Immediately after returning from filming, Cole was cast in a recurring role on the ITV sitcom, ...And Mother Makes Three, in which she played Arabella, a stuck-up and snobbish teenaged girl.

From 1971 to 1974, she acted in several TV series, and was often cast as a "bad girl"; in an episode of ITV series Saturday Night Theatre, she played a delinquent who broke into a house, and a juvenile offender in an episode of prison drama series Within These Walls. Occasionally, she was cast in other moulds: on an episode of the Orson Welles' Great Mysteries series, she played a murder victim.

She made her next theatrical appearance in British-German comedy film That Lucky Touch, opposite Roger Moore. In this film, she played the daughter of the characters played by Shelley Winters and Lee J. Cobb. Julie also found recognition playing Alice (from Alice In Wonderland) in a two-minute Christmas commercial for Woolworths.

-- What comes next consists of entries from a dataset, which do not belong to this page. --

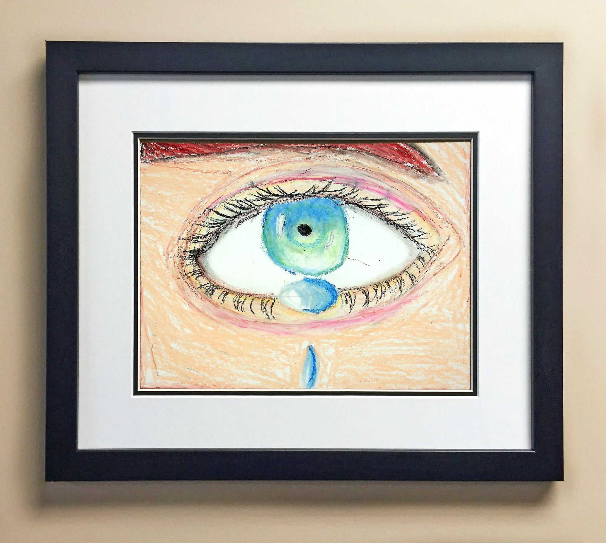 Included with the purchase is the Students Artwork, Frame, double matboard, shatter proof plexiglass, and a ready to hang backerboard with turnbuttons
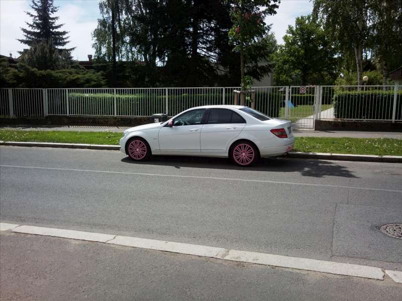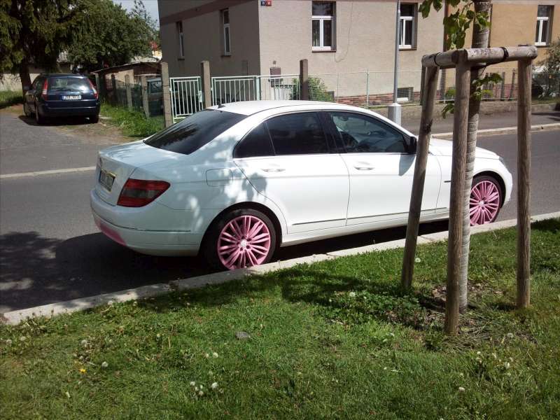 kdyby prohodil barvy (auto ruzove, kola bile)...
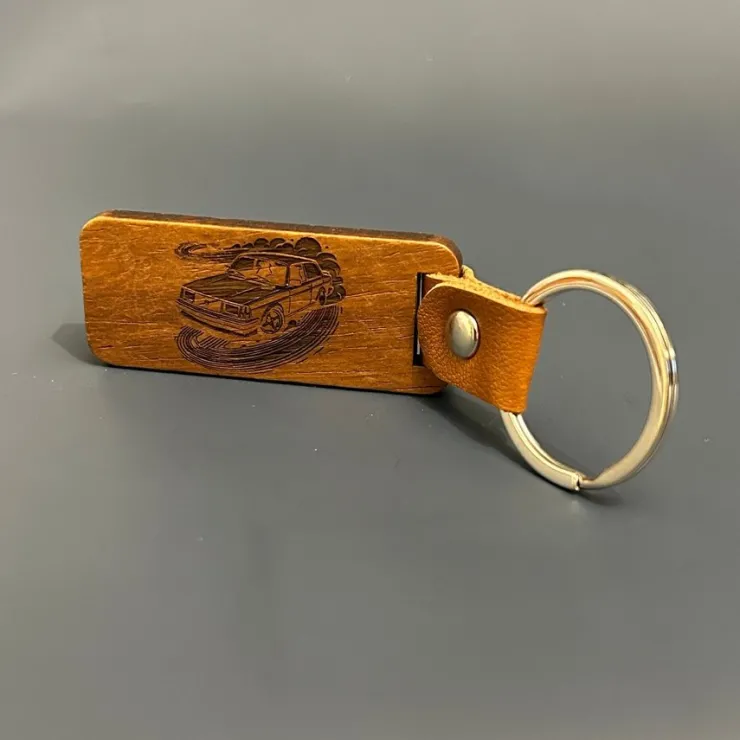 Leder du efter en personlig og stilfuld accessory? Denne nøglering med gravering kombinerer naturligt træ og elegant kunstlæder til et tidløst design, der passer til alle lejligheder.
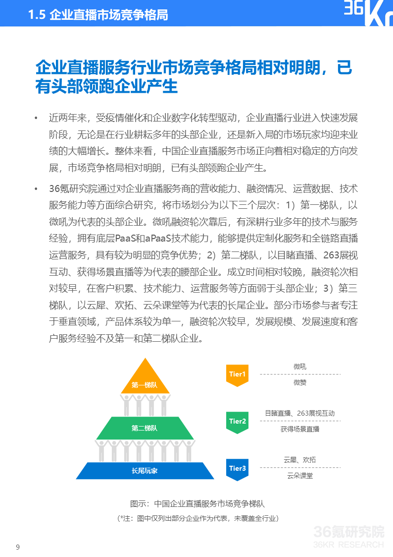 更多精彩内容,请关注“36氪研究”微信公众号。如想获取《2022年企业直播行业标准研究报告》,点击文章底部【阅读原文】,提取码:xrj8,或在36氪研究院微信公众号上回复“企业直播”获取下载链接。

In 1975, Cole got her break-out role being cast as one of the leading characters in BBC medical drama Angels. Breaking the bad-girl mould, she played Jo Longhurst, a second-year student nurse. Her character was known for her compassion, kind nature, advocacy for patients, and challenging authority when it was questionable. Production of the show began in February 1975, and episodes started to air in September of that same year. Cole's run on the show lasted three years.

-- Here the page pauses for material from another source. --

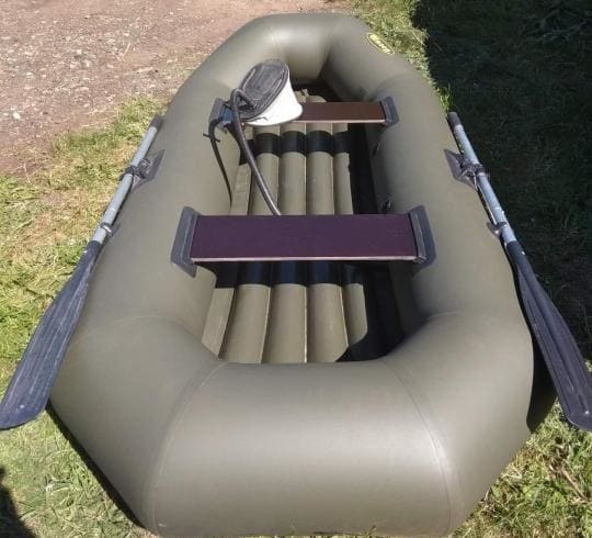 Моторно-гребная лодка изготовлена из прочной ткани ПВХ плотностью на баллонах 750 гр./кв.м., и на днище так же 1100 гр./кв.м. Лодка оснащена навесным транцем с возможностью установки лодочного мотора мощностью 2,5 л.с.
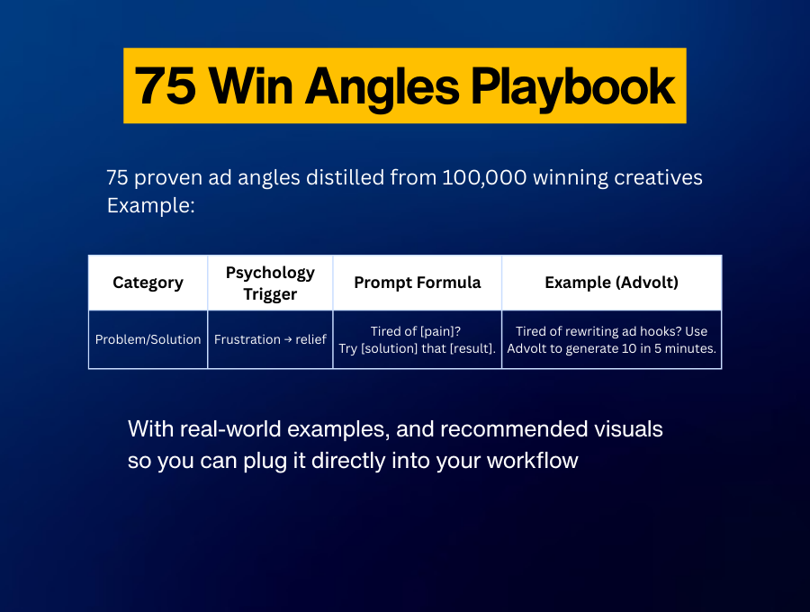 Built from 100,000+ winning Meta ads, this playbook gives you 75 proven angles with psychology triggers, formulas, and real examples

In 1976, Cole joined the cast of the costume drama Poldark for its second season. Reverting to her bad-girl mould, Cole played the salacious and lecherous Rowella Chynoweth, who engages in an affair with her brother-in-law (played by Christopher Biggins). Poldark was immensely popular and garnered much attention for its romantic, and at times racy, plot lines.

Her other credits include the Children's Film Foundation film Paganini Strikes Again (1973), a 1982 episode of Tales of the Unexpected ("The Skeleton Key"), and the 1984 TV film of Camille, starring Greta Scacchi and Colin Firth. She featured as 'Robot 35' in the CBBC comedy Galloping Galaxies!.

Furthermore, Cole has had a number of theatrical credits, as well as pantomime and voice-over work over the years. Cole has appeared on radio in BBC Radio 2 broadcasts of British panto, including 26 December 1979 broadcast of Puss in Boots as Princess Rosepetal, as Jill on 25 December 1981 broadcast of Mother Goose, and as Alice in the 27 December 1982 broadcast of Dick Whittington.

=== Career change, memoirs, and Willy Wonka ===
After qualifying in 1998 as a fitness instructor, she worked in the 2000s on various projects, including the 2005 ITV series Fat Families as fitness advisor to one of the title families. Additionally, Cole trained as a psychotherapist and started practicing in 2007.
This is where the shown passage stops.